◆ TASK ◆
Excluding pictures, what does the listing below contain from the line with "The size of" up to and including the line with "По данным Geekbench, одноядерный", word for word?

◆ SOURCE DATA ◆
- - -

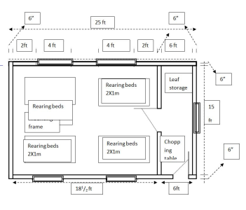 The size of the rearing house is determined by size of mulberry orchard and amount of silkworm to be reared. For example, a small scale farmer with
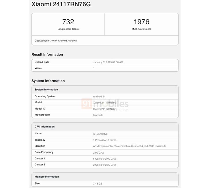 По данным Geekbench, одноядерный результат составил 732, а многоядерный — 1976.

- - -

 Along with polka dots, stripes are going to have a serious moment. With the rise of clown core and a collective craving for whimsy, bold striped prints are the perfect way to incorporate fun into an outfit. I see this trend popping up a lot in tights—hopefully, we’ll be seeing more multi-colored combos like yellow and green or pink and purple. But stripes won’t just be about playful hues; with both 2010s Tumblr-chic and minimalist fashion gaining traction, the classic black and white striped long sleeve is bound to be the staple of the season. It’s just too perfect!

- - -

◆ WRITTEN RESPONSE ◆
 The size of the rearing house is determined by size of mulberry orchard and amount of silkworm to be reared. For example, a small scale farmer with
 По данным Geekbench, одноядерный результат составил 732, а многоядерный — 1976.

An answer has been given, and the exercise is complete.